> Exercise
Restate word for word the lines of the entries below, starting with the line that holds "今回提供を開始したプレミアム" and ending with the line that holds "HD Marco Black", and no others.

> Source data
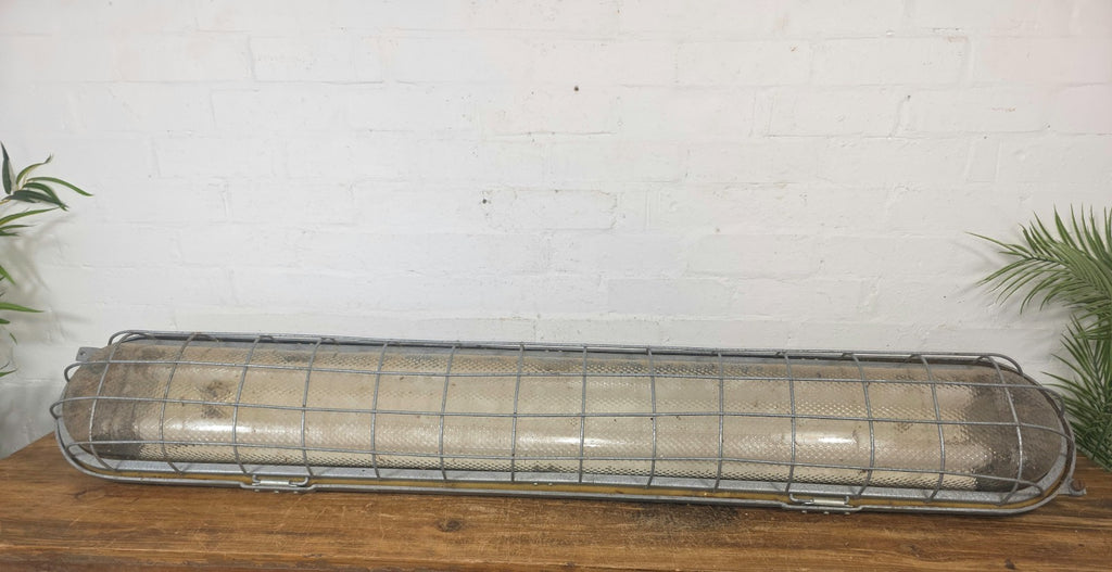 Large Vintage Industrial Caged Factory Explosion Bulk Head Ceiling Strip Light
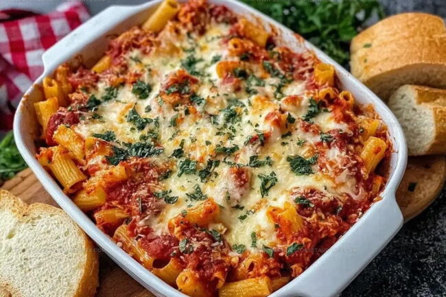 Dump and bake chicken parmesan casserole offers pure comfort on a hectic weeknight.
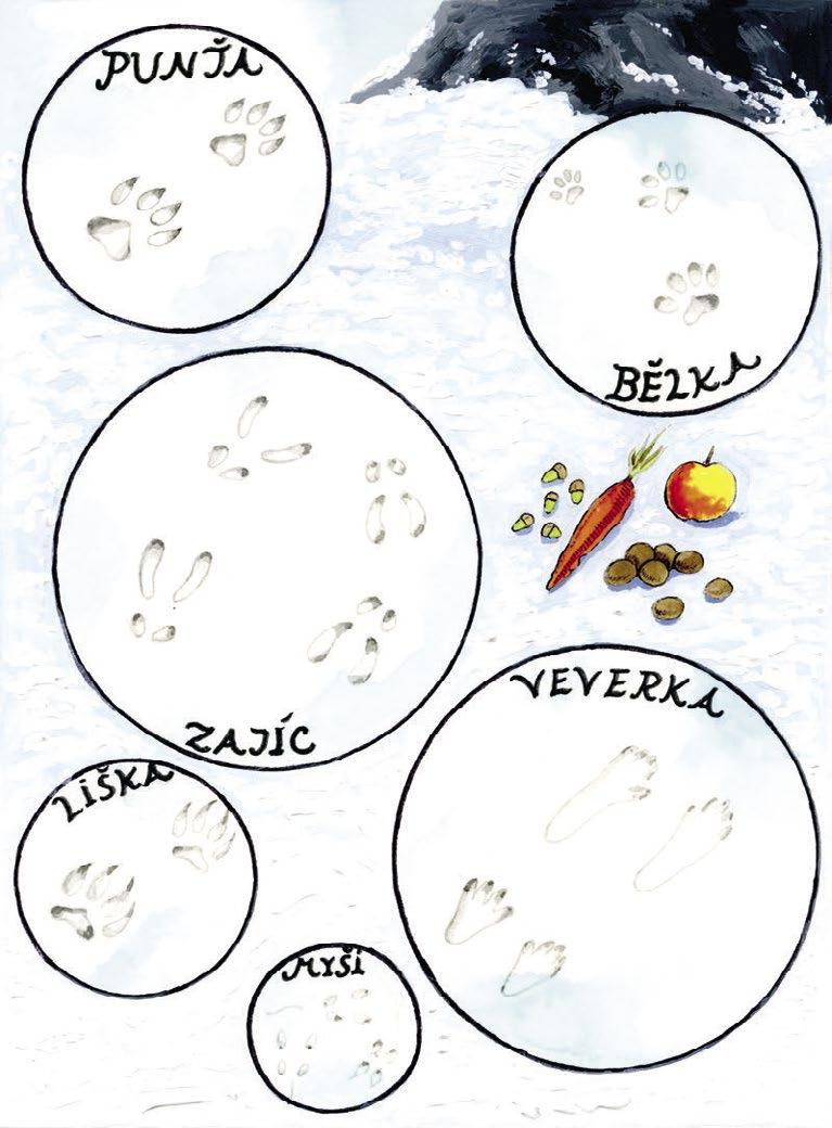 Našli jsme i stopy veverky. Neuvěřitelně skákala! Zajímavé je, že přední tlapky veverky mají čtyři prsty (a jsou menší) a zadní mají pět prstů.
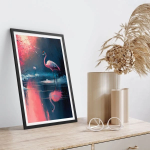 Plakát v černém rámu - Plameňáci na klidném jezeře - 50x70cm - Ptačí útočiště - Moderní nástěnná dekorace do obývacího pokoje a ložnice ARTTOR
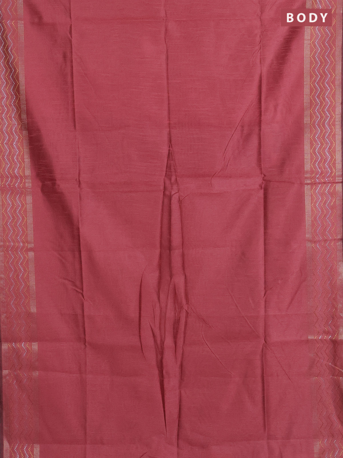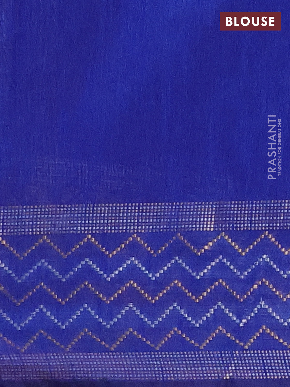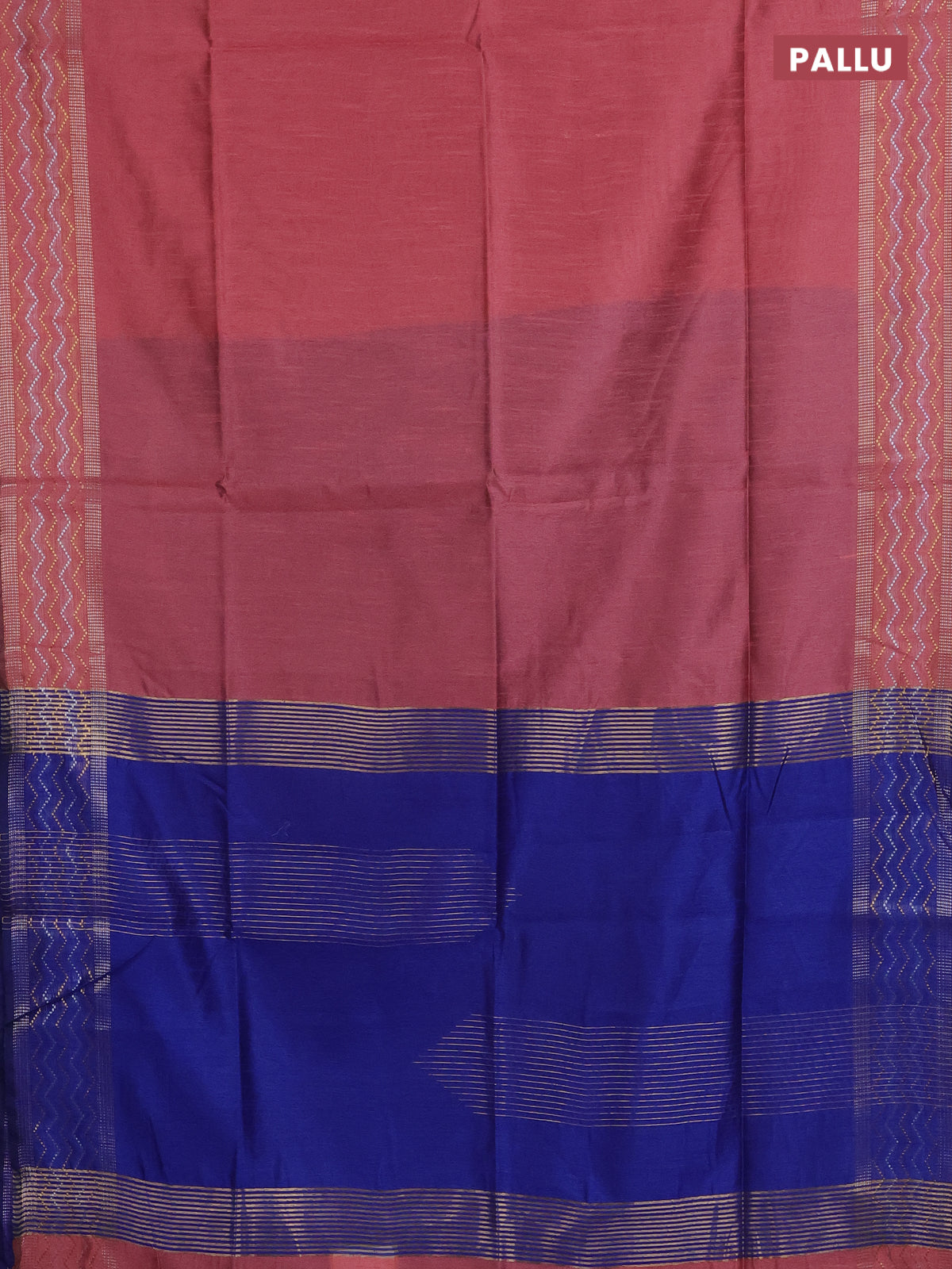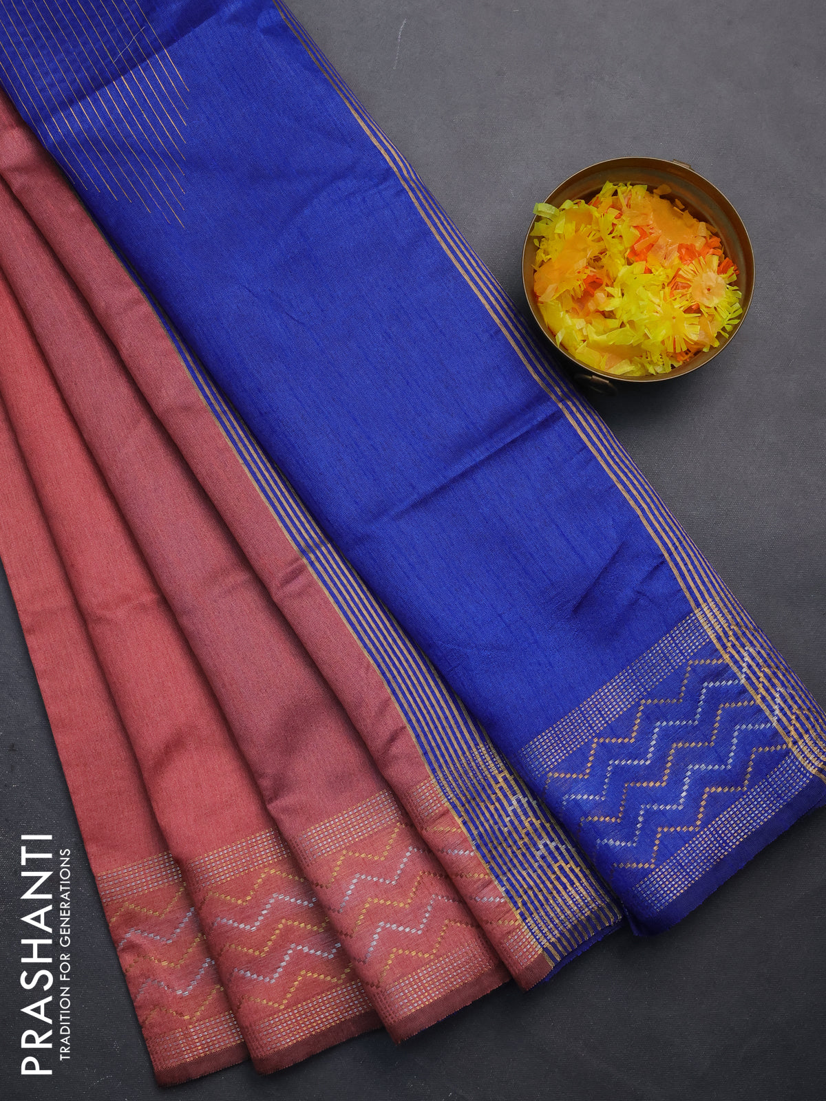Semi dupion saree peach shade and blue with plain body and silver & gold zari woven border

--

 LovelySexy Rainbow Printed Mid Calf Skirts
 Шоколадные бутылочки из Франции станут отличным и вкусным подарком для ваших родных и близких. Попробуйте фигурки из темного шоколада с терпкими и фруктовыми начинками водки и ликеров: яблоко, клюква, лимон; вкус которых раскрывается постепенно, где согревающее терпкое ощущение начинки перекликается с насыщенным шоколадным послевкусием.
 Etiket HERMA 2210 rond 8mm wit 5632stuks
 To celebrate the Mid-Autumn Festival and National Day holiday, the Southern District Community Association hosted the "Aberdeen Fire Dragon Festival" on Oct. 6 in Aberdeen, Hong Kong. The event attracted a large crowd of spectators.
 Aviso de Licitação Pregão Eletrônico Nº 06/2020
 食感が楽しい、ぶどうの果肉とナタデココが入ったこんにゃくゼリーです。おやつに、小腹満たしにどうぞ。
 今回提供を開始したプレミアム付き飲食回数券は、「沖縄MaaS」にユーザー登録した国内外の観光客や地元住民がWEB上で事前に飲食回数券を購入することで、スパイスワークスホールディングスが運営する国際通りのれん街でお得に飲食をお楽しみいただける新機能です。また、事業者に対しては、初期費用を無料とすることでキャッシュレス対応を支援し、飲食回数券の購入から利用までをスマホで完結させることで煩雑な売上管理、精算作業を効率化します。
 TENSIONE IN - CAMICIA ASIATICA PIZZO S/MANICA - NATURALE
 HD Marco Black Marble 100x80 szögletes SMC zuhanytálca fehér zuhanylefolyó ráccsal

> Task response
 今回提供を開始したプレミアム付き飲食回数券は、「沖縄MaaS」にユーザー登録した国内外の観光客や地元住民がWEB上で事前に飲食回数券を購入することで、スパイスワークスホールディングスが運営する国際通りのれん街でお得に飲食をお楽しみいただける新機能です。また、事業者に対しては、初期費用を無料とすることでキャッシュレス対応を支援し、飲食回数券の購入から利用までをスマホで完結させることで煩雑な売上管理、精算作業を効率化します。
 TENSIONE IN - CAMICIA ASIATICA PIZZO S/MANICA - NATURALE
 HD Marco Black Marble 100x80 szögletes SMC zuhanytálca fehér zuhanylefolyó ráccsal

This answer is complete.